#### [Required action]
Only the lines from the one containing "Pack de 4 guardanapos" through the final line below belong in the output, copied exactly and without pictures.

(Dataset extract Opens)

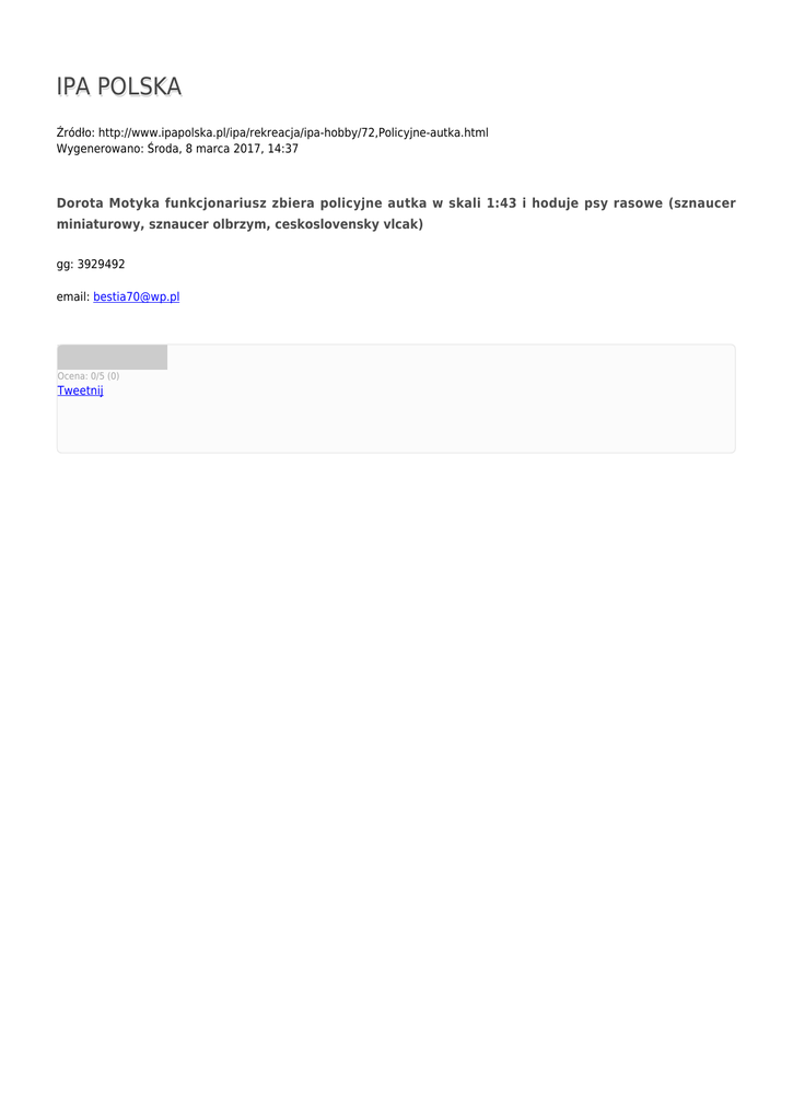 IPA POLSKA Źródło: http://www.ipapolska.pl/ipa/rekreacja/ipa-hobby/72,Policyjne-autka.html Wygenerowano: Środa, 8 marca 2017, 14:37 Dorota Motyka funkcjonariusz zbiera policyjne autka w skali 1:43 i hoduje psy rasowe (sznaucer miniaturowy, sznaucer olbrzym, ceskoslovensky vlcak) gg: 3929492 email: [email protected] Ocena: 0/5 (0) Tweetnij
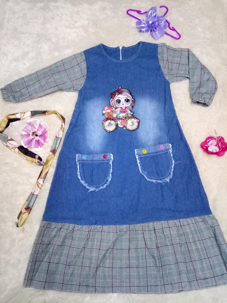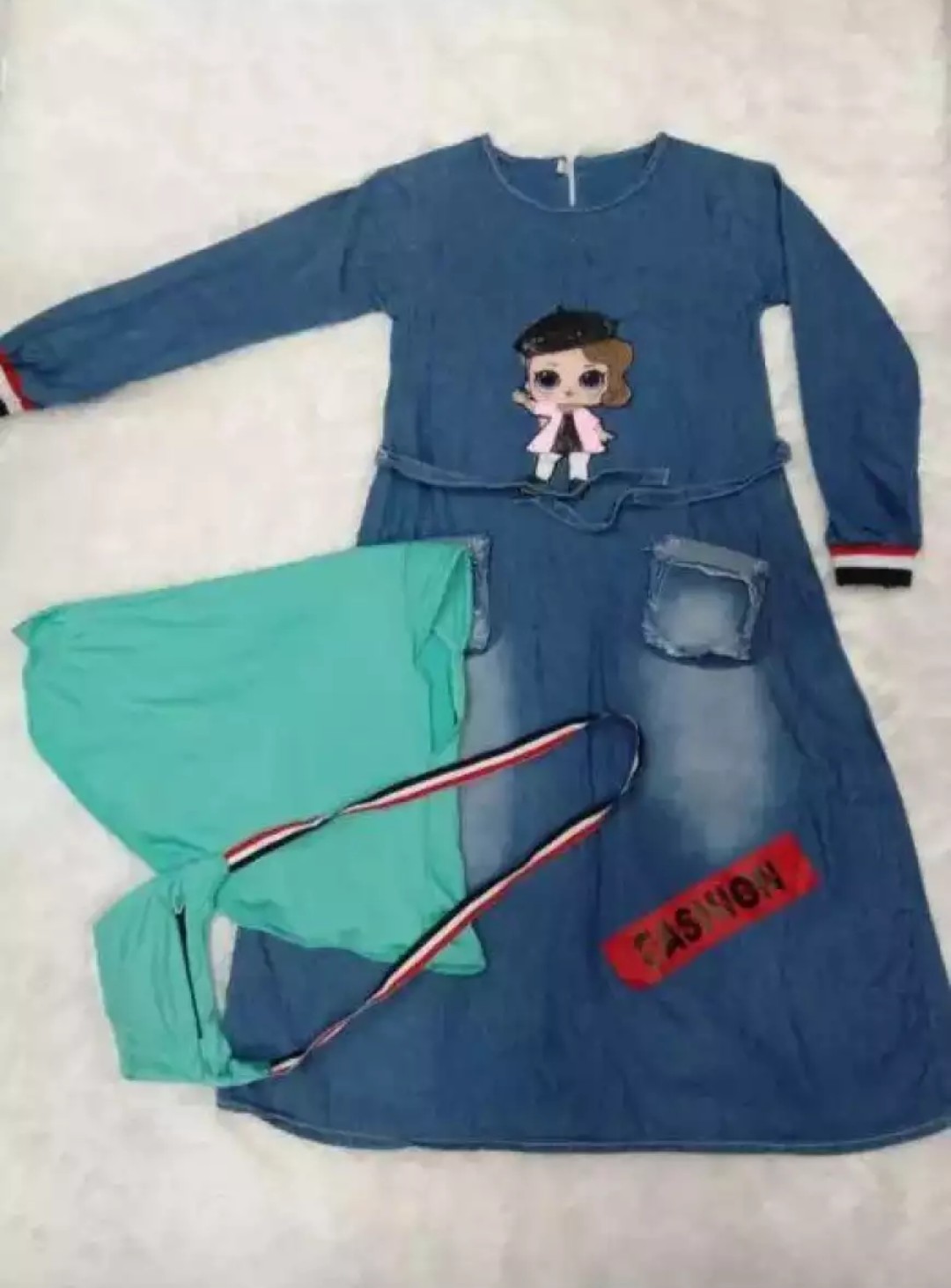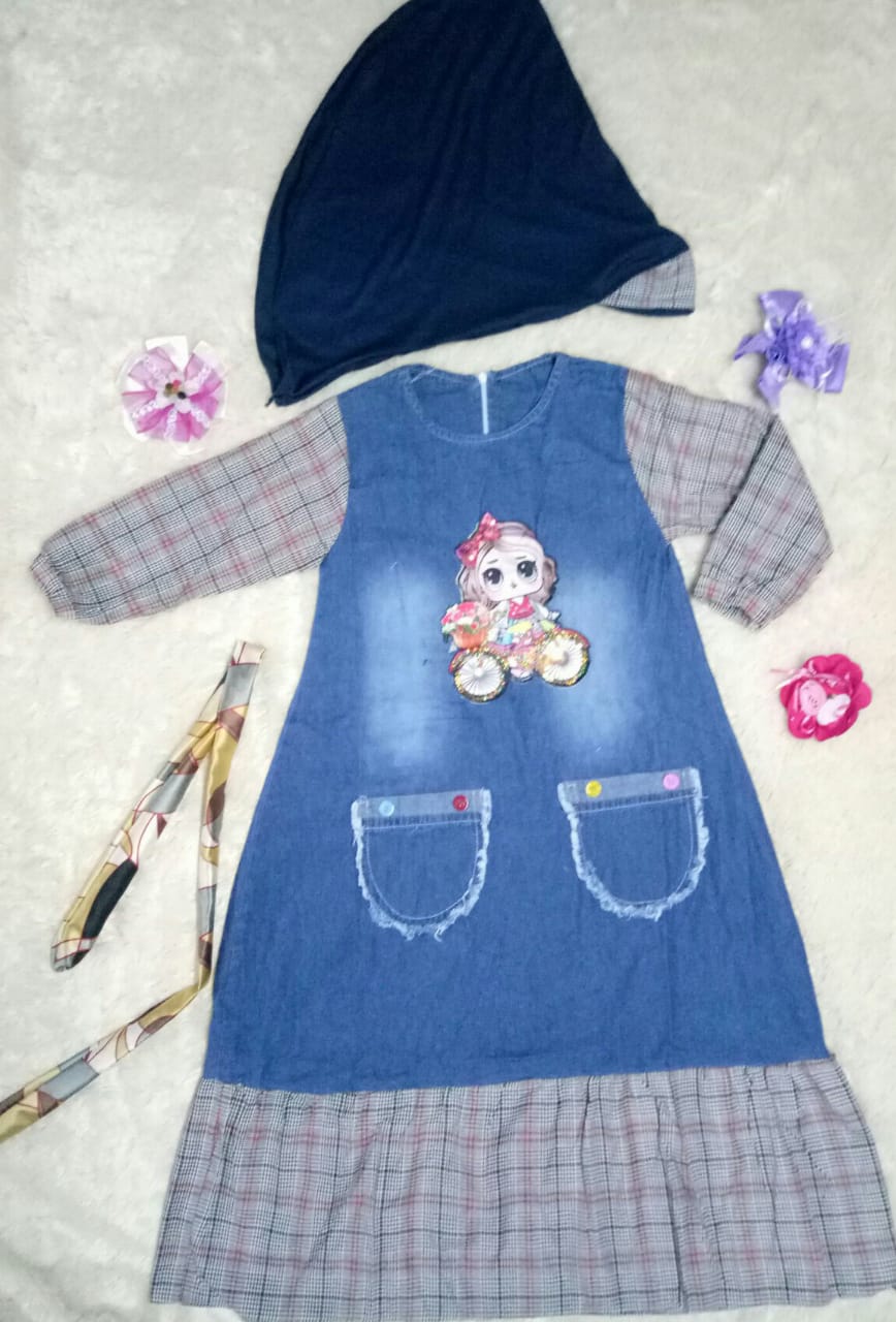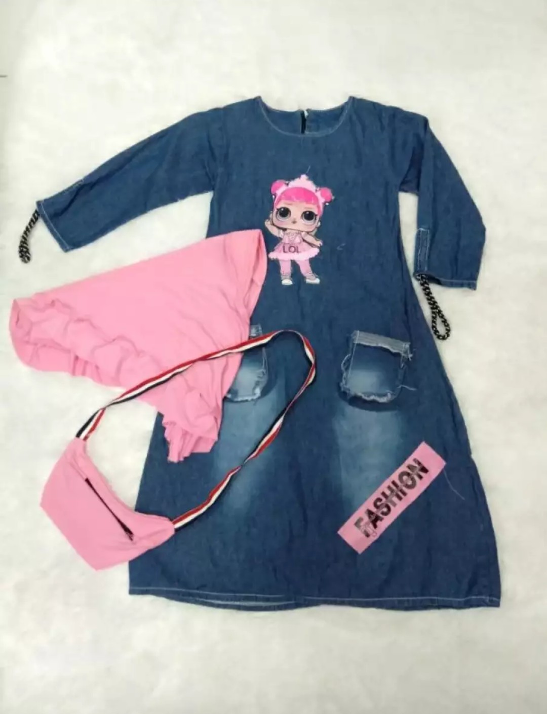 Gamis Jeans Anak Lol Gamis Jeans Anak Perempuan Umur 2 10 Tahun Plus Kerudung Dan Tas Cantik Dress Jeans Anak Lol Lazada Indonesia
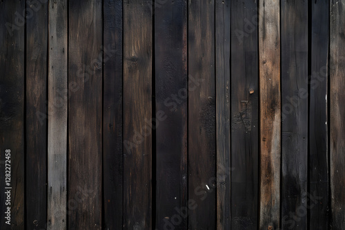 Fototapeta premium Dark brown wooden wall background, dark wood texture paneling surface for...
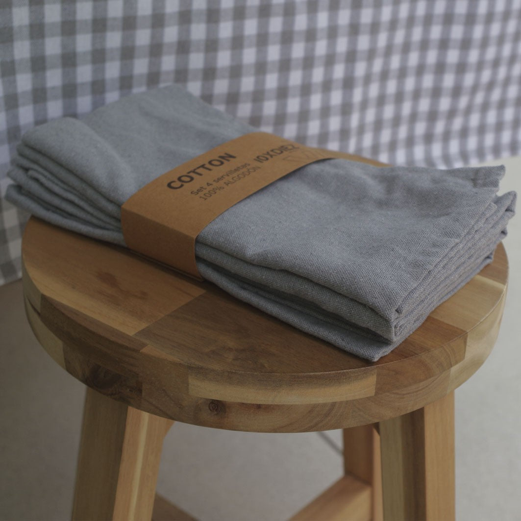 Pack de 4 guardanapos em tecido de algodão de cor lisa.
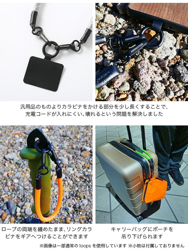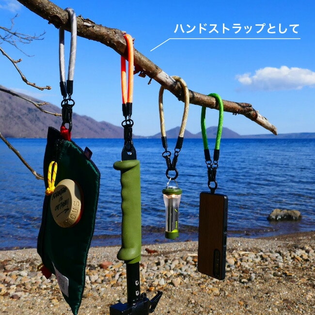 普段使用しているスマートフォン、ハンマー、LEDランタンなどに装着して『ハンドストラップ』として使うのはもちろんのこと、登山やスノーボードなどでの落下防止の『リーシュ』として、ポーチやカゴなどに取り付けて『グラブハンドル』にすることなど、発想次第で用途は多岐にわたります。
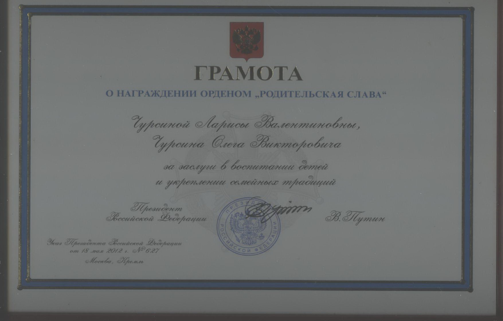 Что то не заценили родители Чурсины,награды папы Вовы....

(Dataset extract Closes)

#### [Answer space]
 Pack de 4 guardanapos em tecido de algodão de cor lisa.
 普段使用しているスマートフォン、ハンマー、LEDランタンなどに装着して『ハンドストラップ』として使うのはもちろんのこと、登山やスノーボードなどでの落下防止の『リーシュ』として、ポーチやカゴなどに取り付けて『グラブハンドル』にすることなど、発想次第で用途は多岐にわたります。
 Что то не заценили родители Чурсины,награды папы Вовы....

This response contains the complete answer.